DaMatta (1997) destaca que os rituais promovem, principalmente nas sociedades complexas, a identidade social e a construção do seu caráter. É o ritual, segundo o autor, que permite tomar consciência de determinadas cristalizações sociais mais profundas que ocorrem na sociedade e que passam a se constituir como algo “eterno”. Segundo o autor, é por meio do ritual que o indivíduo pode, enquanto pertencente a determinado grupo, mostrar como se resolve um problema que se coloca, como se apropriar dele e como o apresentar sob determinado estilo. O autor afirma que é por meio do rito que se transforma algo natural em algo social e que essa transformação se dá, necessariamente, por meio de dramatização, para que a pessoa tome consciência das coisas, as quais passam a ter sentido, como sendo sociais.

Rodolpho (2004, p.139) sustenta que “os rituais emprestam formas convencionais e estilizadas para organizar certos aspectos da vida social [...]”. Esclarece que essas formas estabelecidas têm em comum uma marca, a repetição, que dá à pessoa que o executa certa segurança, a partir da familiarização com a sequência do ritual, pois aí é que vai acontecer o que leva a pessoa a uma sensação de coesão social.

Gastaldo (2008, p. 152), reportando-se a Goffman, afirma que a ideia de ritual para o autor está relacionada a um “comportamento expressivo, a gestos ou ações significativos”. As condutas denominadas como “ritualizadas” trazem em seu bojo um sentido que não está ligado na conduta em si, mas, nos “códigos culturais” que lhes dão significado.

Peirano (2003) declara que o mais importante em um ritual não é seu “conteúdo explícito”, mas suas características, tais como: forma, convencionalidade e repetição. Nas organizações policiais, em geral, e as organizações policiais militares, em especial, o universo simbólico é repleto de riquezas, expressas por meio de gestos, linguagem e comportamentos ritualizados, dentre outros. Vale destacar o processo de socialização dos novos membros nas organizações policiais, as formas de tratamento praticadas entre as diferentes patentes na Polícia Militar, em que o superior é sempre o “comandante”, e dos diferentes cargos na

Polícia Civil, em que o delegado é sempre tratado por “doutor”. Um ritual comum às duas instituições diz respeito à formação de alunos no pátio das academias antes do início das aulas, quando se cantam o hino brasileiro e o da instituição, com o objetivo de introjetar regras, normas e valores das instituições. As organizações policiais militares se destacam pela realização de alguns rituais, como ordem unida, que acabam por oferecer aos policiais militares um sentido de corpo único. Outro ritual presente nesta organização é a continência, que é considerada um cumprimento do subordinado ao seu superior, de caráter obrigatório. Muitos policiais a consideram como ato mecânico, desprovido de afeto, enquanto outros a reconhecem como uma forma de saudação e respeito.

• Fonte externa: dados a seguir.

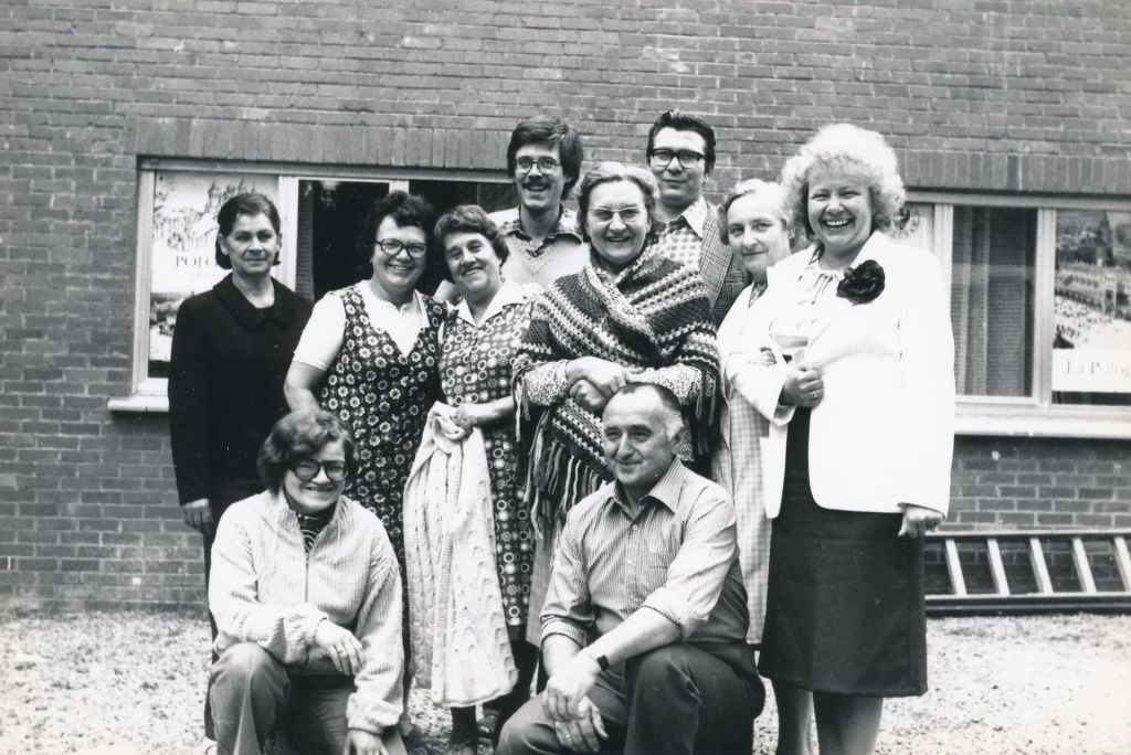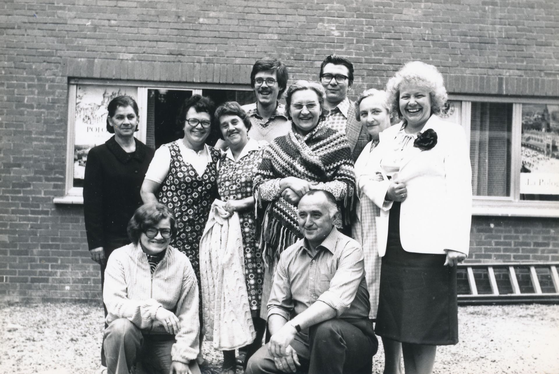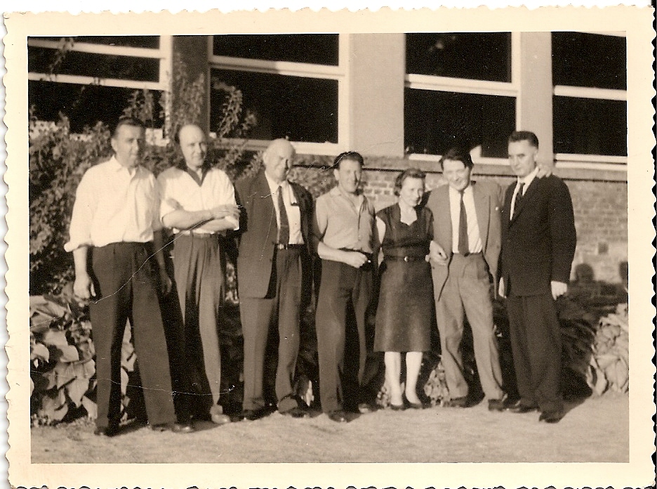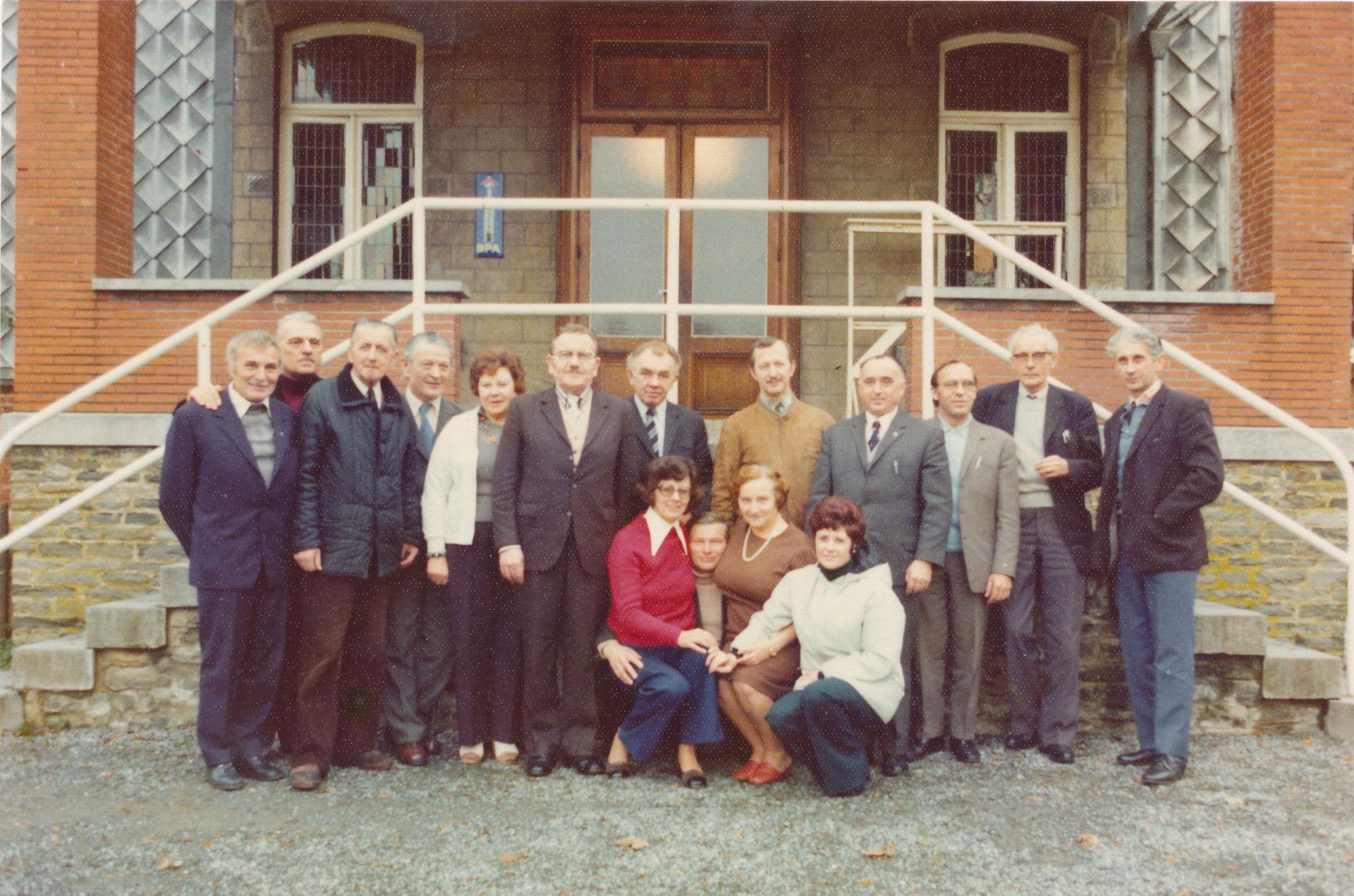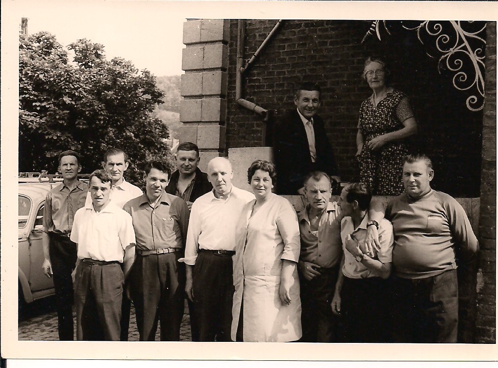 3.564 : COMBLAIN-LA-TOUR : Devant l’escalier, côté grille d’entrée : Devant : Mr Michel Miklusiak ; Mr Rusowicz ; Mr Markiewicz ; Mme ( ? ) ; Mr Kazik Michalski ; Mr Zbigniew Matusiewicz ; Mr Tadek Szymczak ; au second plan : Mr Materna ; Mr Adam Ogonowski ; Mr Ludwig Mazgaj ; sur l’escalier : Mr Walek Chmielecki ; Mme Weronika Załobek.

DaMatta (1997) afirma que o rito e o mito devem ser analisados em conjunto, como dramatizações, de temas e questões básicas do cotidiano de uma sociedade. Afirma ainda que tanto o mito quanto o ritual são formas de chamar a atenção para determinados pontos da realidade social que estão mergulhados nas rotinas, interesses e complicações da vida cotidiana.

Crema (2007) explica que o rito é a expressão do mito. Segundo ele, o mito e o rito são os dois lados de uma mesma realidade, sendo que o mito inclui princípios básicos, considerados orientadores e que se apresentam na forma de estórias ou crenças.